(Collected data)
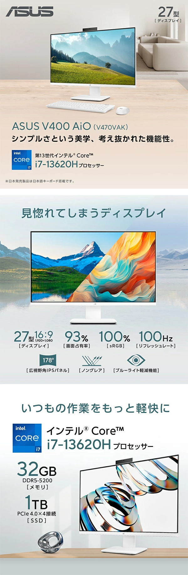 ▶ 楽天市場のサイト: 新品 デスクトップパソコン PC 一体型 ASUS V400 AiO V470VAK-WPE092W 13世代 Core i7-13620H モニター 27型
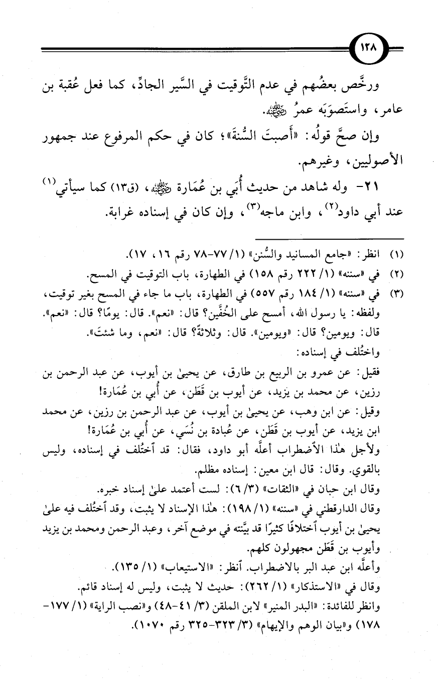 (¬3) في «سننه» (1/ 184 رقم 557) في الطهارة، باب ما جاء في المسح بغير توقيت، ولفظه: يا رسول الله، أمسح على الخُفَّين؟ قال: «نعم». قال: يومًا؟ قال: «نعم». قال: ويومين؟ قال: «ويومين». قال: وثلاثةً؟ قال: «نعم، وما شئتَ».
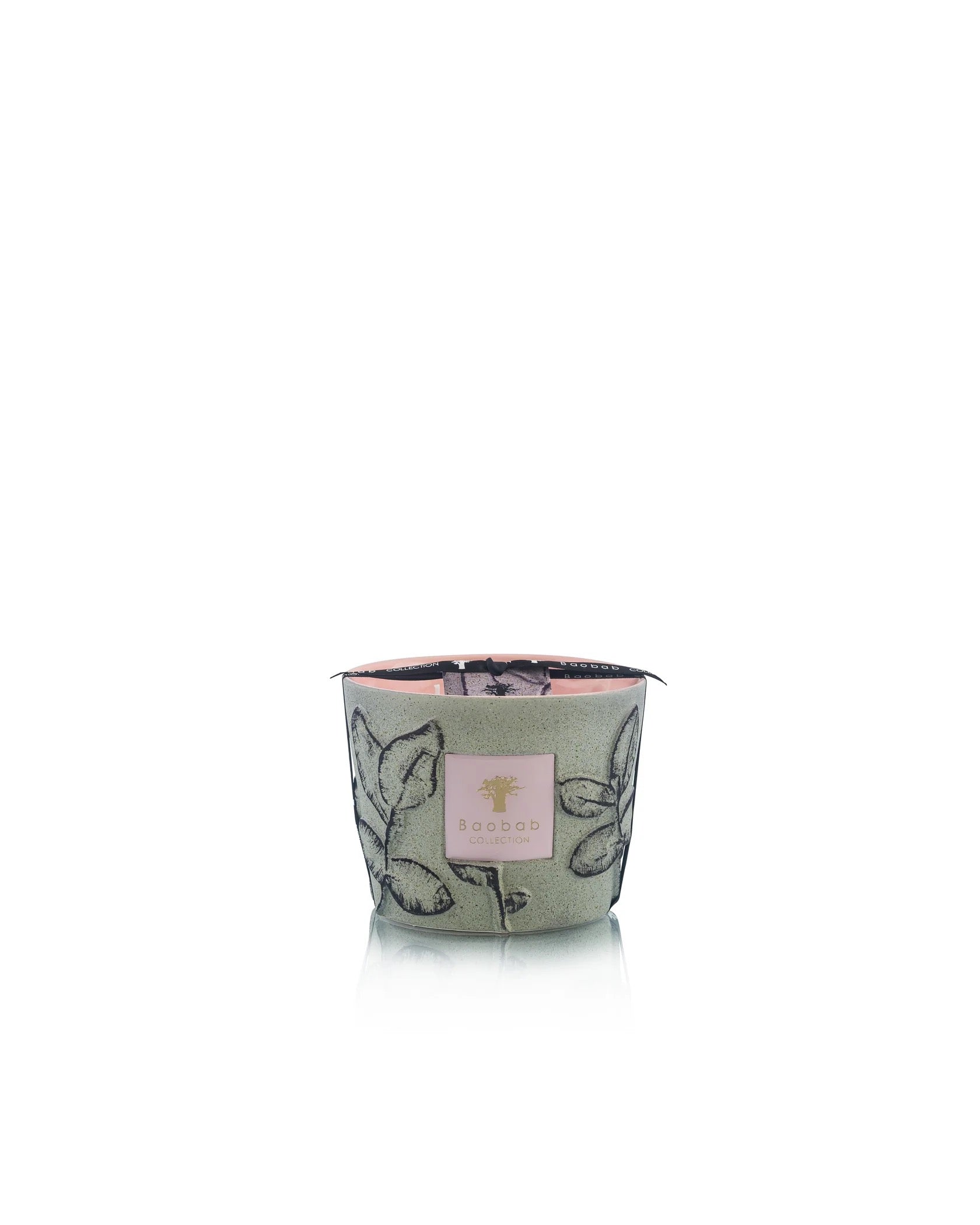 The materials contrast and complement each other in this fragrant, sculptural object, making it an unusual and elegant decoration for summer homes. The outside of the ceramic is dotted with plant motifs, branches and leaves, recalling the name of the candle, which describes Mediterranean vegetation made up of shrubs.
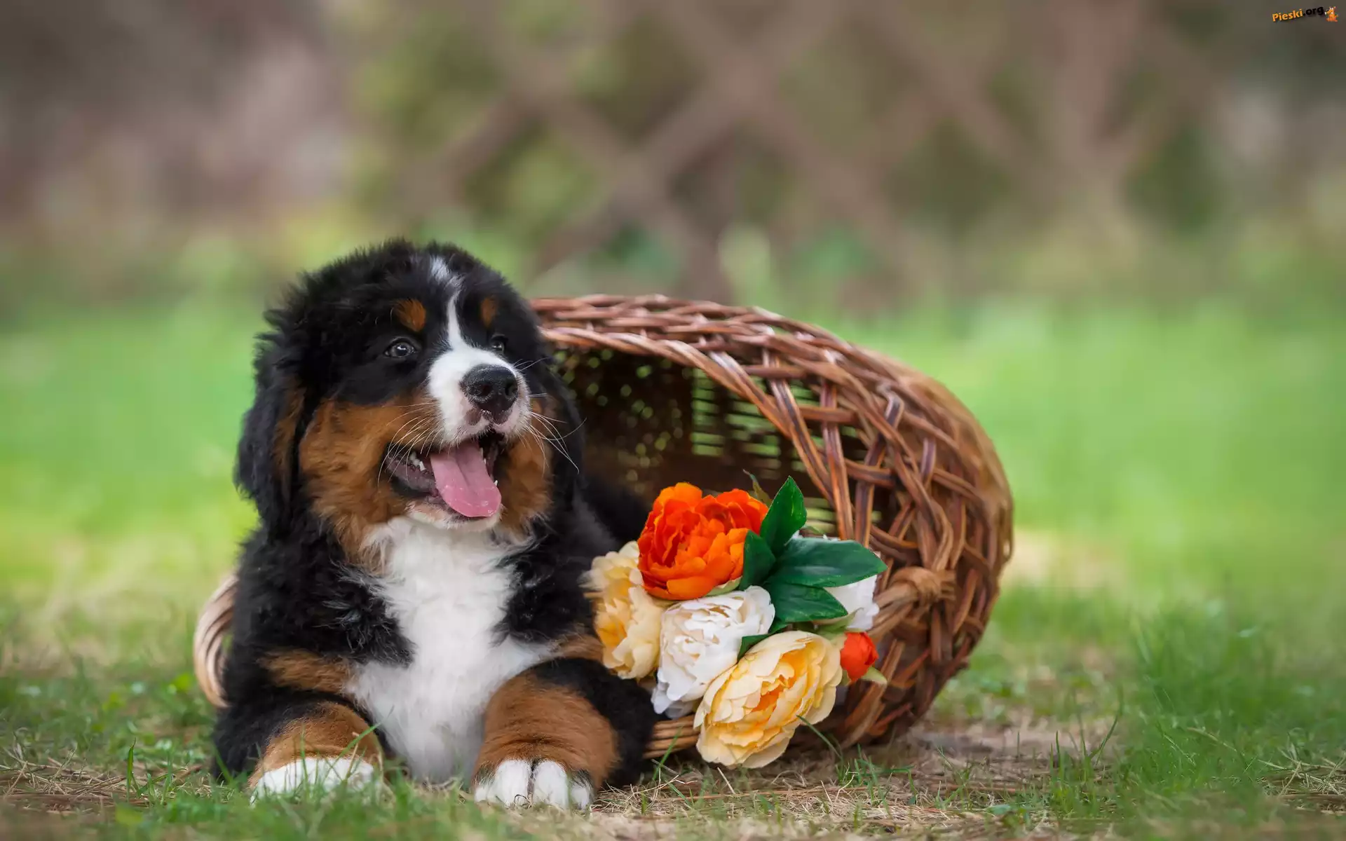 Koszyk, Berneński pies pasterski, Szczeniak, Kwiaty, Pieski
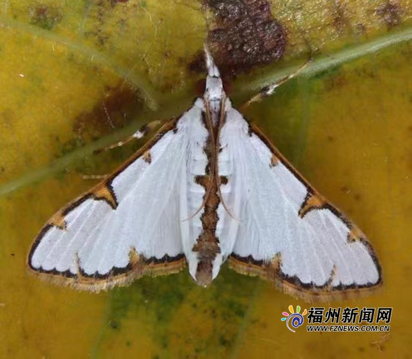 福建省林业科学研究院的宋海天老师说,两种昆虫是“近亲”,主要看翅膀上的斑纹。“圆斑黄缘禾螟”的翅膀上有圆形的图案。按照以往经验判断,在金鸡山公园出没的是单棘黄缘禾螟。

> **WHAT TO WORK ON**:
Each record needs to be reproduced exactly, and no image should be carried over.

> **TASK RESPONSE**:
 ▶ 楽天市場のサイト: 新品 デスクトップパソコン PC 一体型 ASUS V400 AiO V470VAK-WPE092W 13世代 Core i7-13620H モニター 27型
 (¬3) في «سننه» (1/ 184 رقم 557) في الطهارة، باب ما جاء في المسح بغير توقيت، ولفظه: يا رسول الله، أمسح على الخُفَّين؟ قال: «نعم». قال: يومًا؟ قال: «نعم». قال: ويومين؟ قال: «ويومين». قال: وثلاثةً؟ قال: «نعم، وما شئتَ».
 The materials contrast and complement each other in this fragrant, sculptural object, making it an unusual and elegant decoration for summer homes. The outside of the ceramic is dotted with plant motifs, branches and leaves, recalling the name of the candle, which describes Mediterranean vegetation made up of shrubs.
 Koszyk, Berneński pies pasterski, Szczeniak, Kwiaty, Pieski
 福建省林业科学研究院的宋海天老师说,两种昆虫是“近亲”,主要看翅膀上的斑纹。“圆斑黄缘禾螟”的翅膀上有圆形的图案。按照以往经验判断,在金鸡山公园出没的是单棘黄缘禾螟。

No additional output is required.